Begrijp me niet verkeerd, ik heb helemaal geen hekel aan lezen. Het lezen van een tijdschrift heeft een ontspannende werking op me en tijdens de zomervakantie lees ik menig slap romannetje. Met enige regelmaat ben ik te vinden in de bibliotheek, waar ik laatst zelfs een boekje meenam van de campagne ”Nederland leest – Lezen is vurrukkulluk”. Oké, dat is misschien een beetje overdreven verwoord, maar lezen is toch op zijn minst leuk of ontspannend.

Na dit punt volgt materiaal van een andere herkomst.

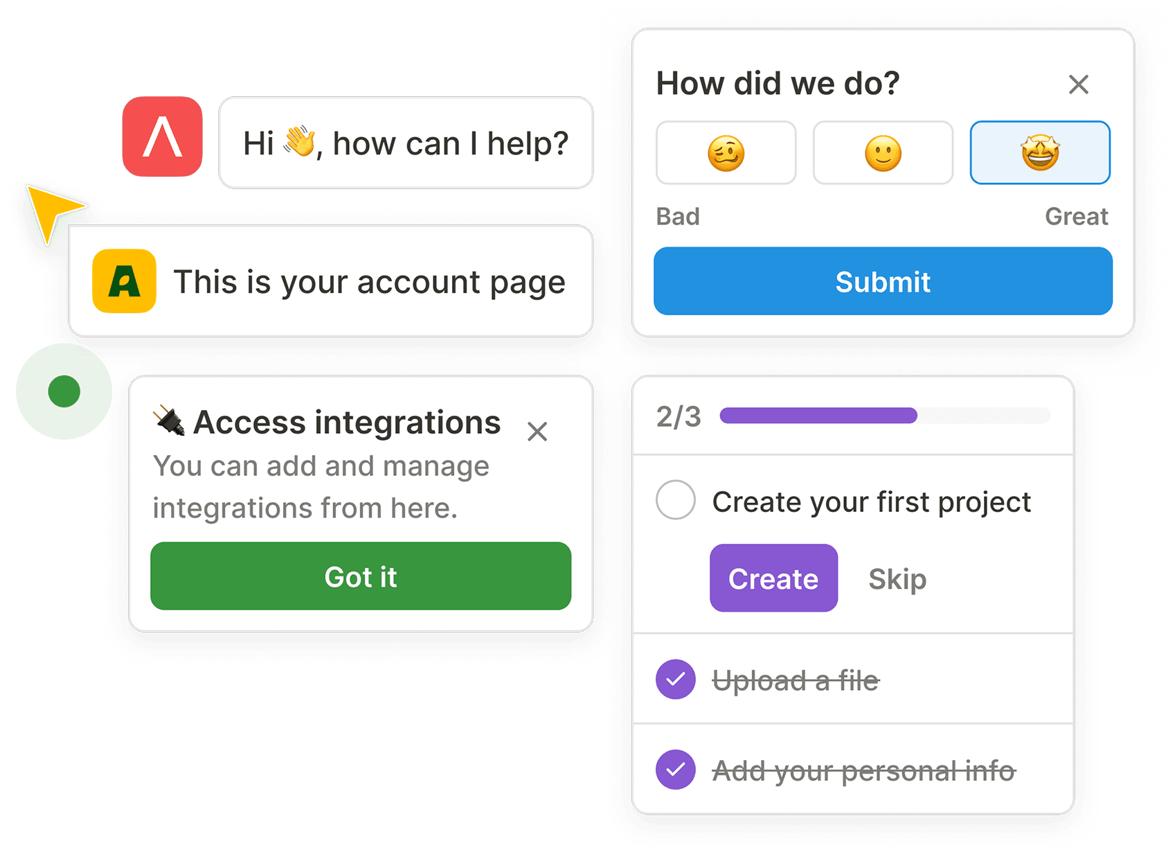 사용자는 부담스러운 영업 사원이 아니라, 제품이나 웹사이트를 탐색하는 데 도움을 주는 똑똑한 친구 옆에 앉아 있는 것처럼 느껴야 합니다. 가이드 및 설문조사에서는 정확한 행동 기반 타겟팅과 구성 가능한 가드레일을 사용하여 사용자가 가치를 창출할 수 있도록 합니다.
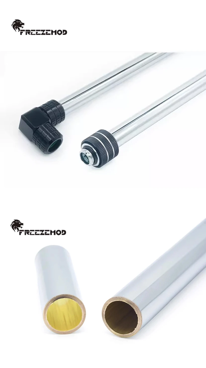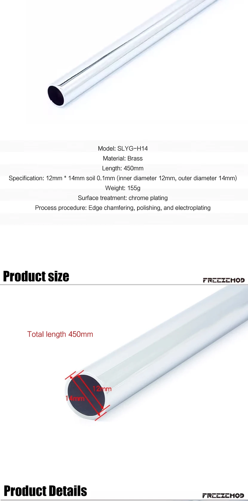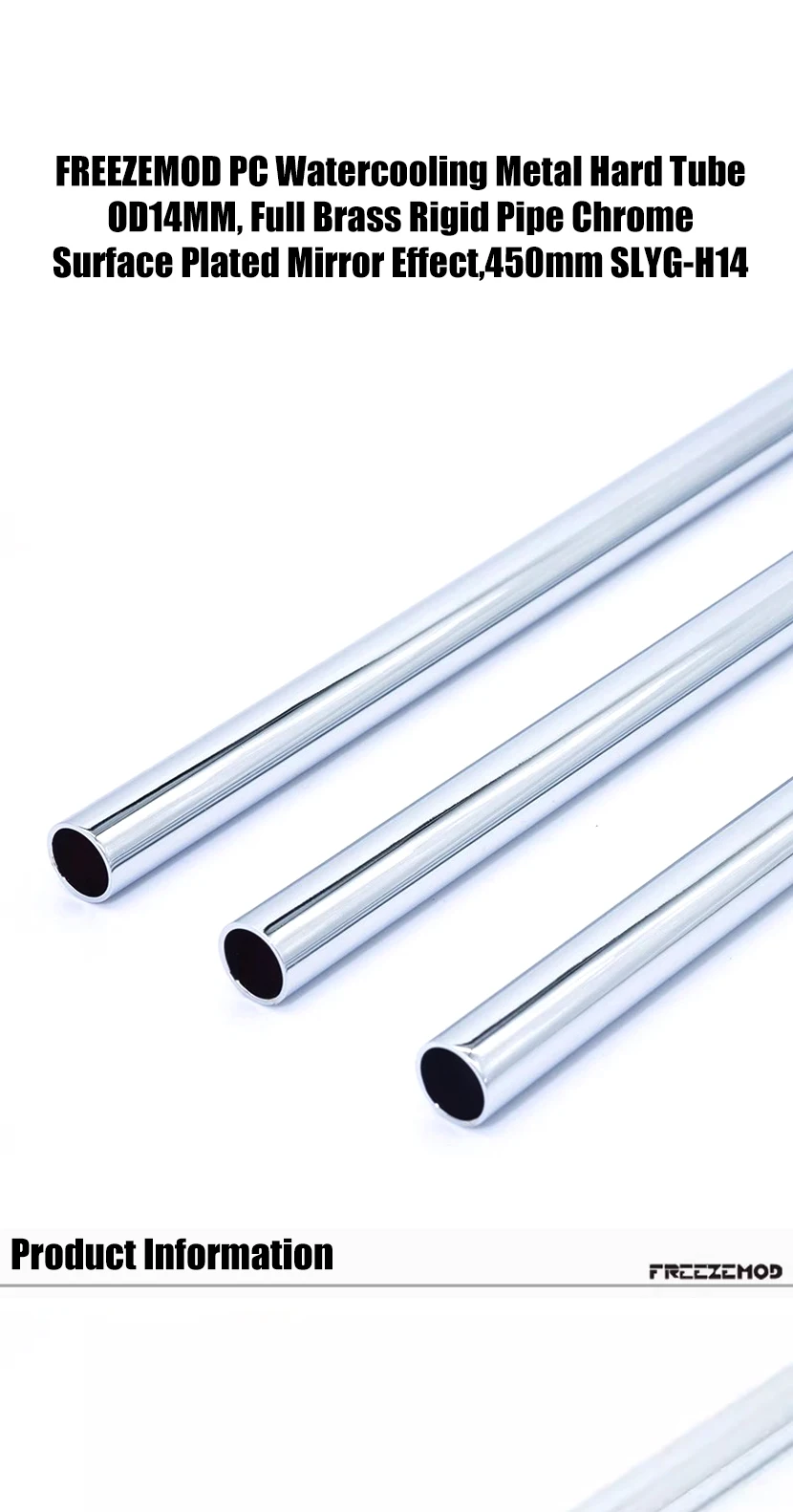 Comprar FreezeMod PC Tubo duro de metal con refrigeración por agua OD14MM, tubo rígido de latón completo, efecto espejo chapado en superficie cromada, 450 mm
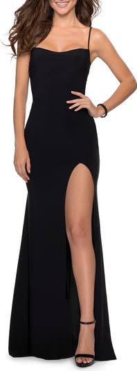 Chic jersey prom dress with soft scoop neckline and intricate lace up back. A flattering side leg slit completes the look. Back zipper closure.
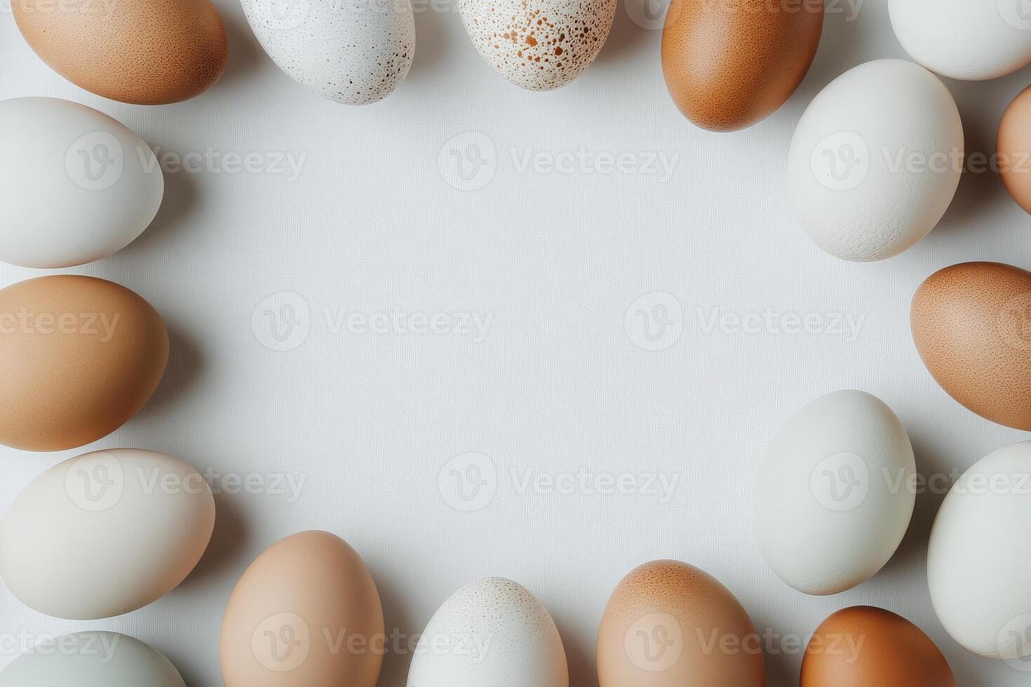 A collection of eggs in different shades of white and brown is arranged in a circular pattern on a light surface. The eggs create an appealing visual display centered in the frame. Pro Photo
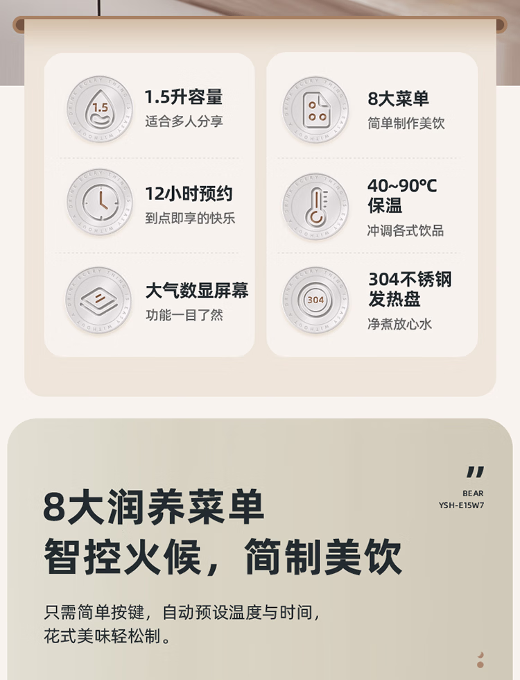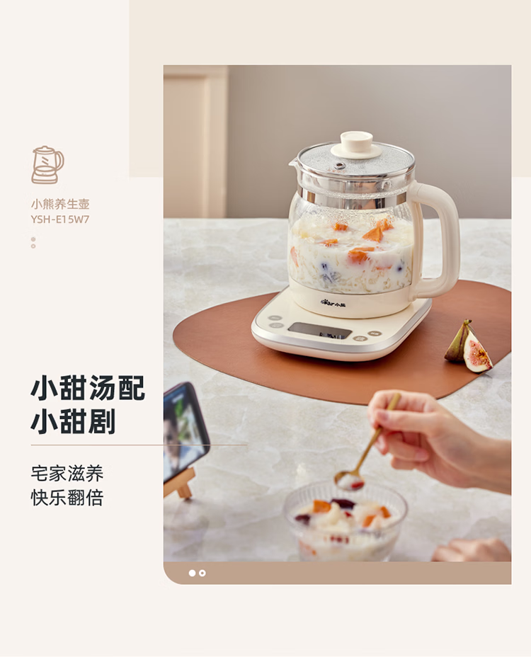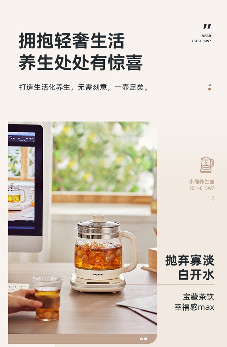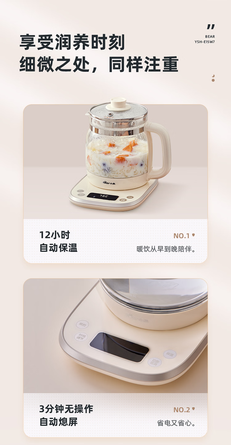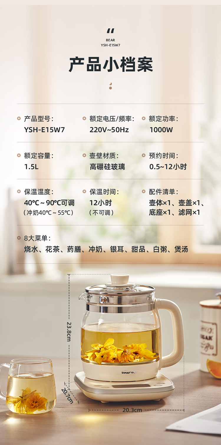 包装清单  :   小熊(Bear)养生壶 1.5L煮茶壶烧水壶 可拆卸茶篮 煮茶器电水壶 恒温电热水壶 保温花茶壶 YSH-E15W7

Nederland leest, Neline leest ook. Achttien literaire topstukken welteverstaan. Lezen is nu niet meer vurrukkulluk, zelfs niet meer leuk of een klein beetje ontspannend. Het is pure noodzaak. En het blijft niet bij die honderden bladzijden die gelezen moeten worden. Ik worstel me door de gehele historie van Nederlandse literatuur en ontkom niet aan mystificatie, perspectieven of enig andere technische term.
Momenteel is er slechts één schrijver die me kan inspireren, één man die het werkelijk heeft begrepen. „Veel lezens is vermoeiing des vleses”, zo meent Prediker. Dat kan ik volmondig beamen.